凶悪犯罪者バトルロイヤル 第151話

 宮崎勤は、己の分身を襲うあまりに痛みに、悲鳴を発しながら転げまわっていた。激しく動いたため、おむつははずれ、カラオケボックス内は、粘着質の高い便がそこここに付着し、異臭に満ちた、地獄絵図のような空間となっていた。

「ああっ!ああっ!痛いよう、痛いよう!」

 僕は痛みを発する「毒魔羅」を、ひとまず、マキが飲んでいたメロンソーダに浸して冷却した。しかし、「毒魔羅」は徐々に腫れあがり、痛みを増すばかりである。

 限界だった。もはや、マキを殺すどころの話ではない。ただちに適切な治療を受けなければ、痛みで発狂してしまいそうだ。だけど、救急隊員に、うんちに塗れたこの部屋を見られるのは嫌だ・・。

「どうしたらいいんだっ!!」

 困っていると、携帯電話が鳴動した。ディスプレイを確認すると、「山地くん」との表示。そうだ、山地くんなら、何かいいアドバイスをくれるかもしれない。相談してみよう。

「やあ、宮崎くん。今、なにしているんだい」

 別に悪意があって内緒にしていたわけではないが、山地くんには、今日のデートの予定は伝えていなかった。

「あっあっあっ。それどころじゃなくなったんだっ。勝つために明日を捨てたら、ちんちんが痛くなっちゃったんだ」

「そうか。ちんちんに毒を仕込んだら、女の子に入れる前に、痛くなっちゃったんだね」

 山地くんは毒魔羅のことも知らないはずなのに、どうして今の説明で分かったのか。やはり山地くんとは、まさに僕と以心伝心の、理想の友人である。

「ちょっと待ってて。僕が薬を持って、そっちに行くよ」

「あっあっあっ。それは、それは嫌なんだっ」

 山地くんに、毒魔羅を治してもらいたい気持ちはある・・。しかし、いくら親友の山地くんとて、うんち塗れのこの部屋を見られるのには抵抗があった。

 電車の中で堂々とうんちを漏らすことはしたい僕だったが、カラオケボックスにぶちまけてしまったうんちを見られるのは恥ずかしい。矛盾しているようで、矛盾してはいない。問題は、自分の意志で漏らしたのか、意志に反して漏らしたのか、ということだ。自分で自殺するのはいいが、前上博に自殺サイトで釣られて殺されるのは嫌だ。つまりはそういうことである。

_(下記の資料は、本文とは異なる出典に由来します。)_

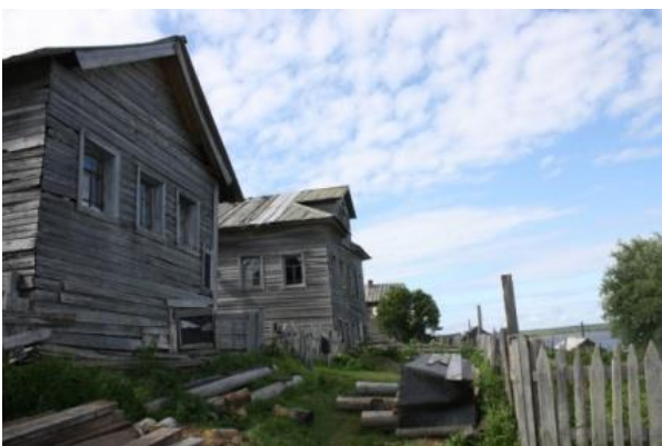
Kuva 10. Kuusiniemi, pomoritaloja, pääty joelle päin.

「どうしてなんだい。ひょっとして、うんちやおしっこを漏らしたから、僕を呼びづらいのかい?」

 山地くんは、いったいどこまで僕のことを知り尽くしているのか。なぜ、説明してもいないのに、そんなことまでわかるんだ。

「あっあっあっ。僕は、僕はっ」

「うんちを漏らしたことくらい、気にすることはないよ。かの徳川家康だって、三方が原の合戦のとき、武田信玄に負けてうんちを漏らしたんだよ。徳川家康は、そのときの敗戦を教訓とし、天下を取るまでに成長したんだ。つまりうんちを漏らした宮崎くんは、天下人の器ってことだ。宮崎くん、かっこいい~」

「あっあっあっ。じゃあ、頼むよ」

 山地くんにそう煽てられて、僕はついに山地くんを、この場に招くことを決めた。そうか、僕は徳川家康だったのか。ならば、いつか必ず、天下統一できるじゃないか。嬉しくなってしまった僕にとって、うんちがそこらじゅうにくっついた部屋を見られることくらい、なんでもなかった。

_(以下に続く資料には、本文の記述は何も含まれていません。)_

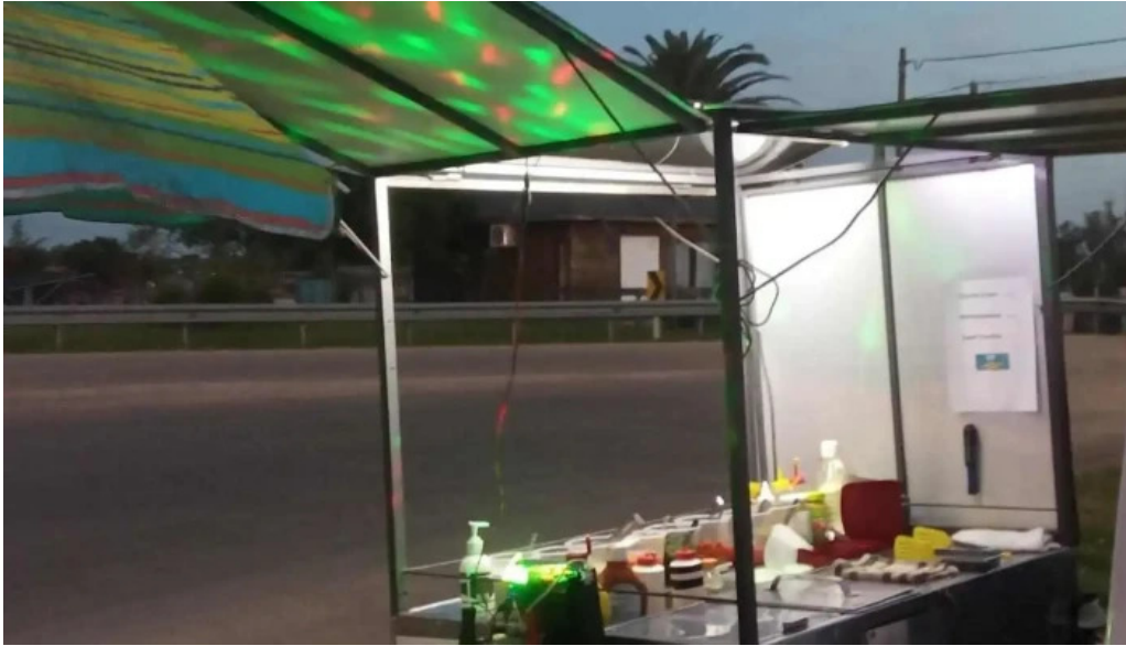
Lo de bargas treinta y tres

 三十分ほど経って、「ブラックジャック」のコスプレに身を包んだ山地くんが、カラオケボックスに姿を現した。

「お待たせ、宮崎くん。僕が宮崎の毒チンチンを、治療してあげるよ」

 頼もしい友人の登場――。しかし、その顔に「悪魔の笑み」が浮かんでいるような気がするのは、気のせいだろうか。

「あっあっあっ。毒チンチンじゃなくて、毒魔羅なんだ。そこを間違っちゃだめなんだ」

 僕は、山地くんの許すべからざる間違いを訂正した。「毒魔羅」を「毒チンチン」と間違うなど、「チャンピオン」を「チャンピョン」と書くくらい、気持ち悪い間違いである。僕が尊敬する夜原なおき先生がしばしば引用する「なんJ」風に言えば、「絶対に許さない、顔も見たくない」である。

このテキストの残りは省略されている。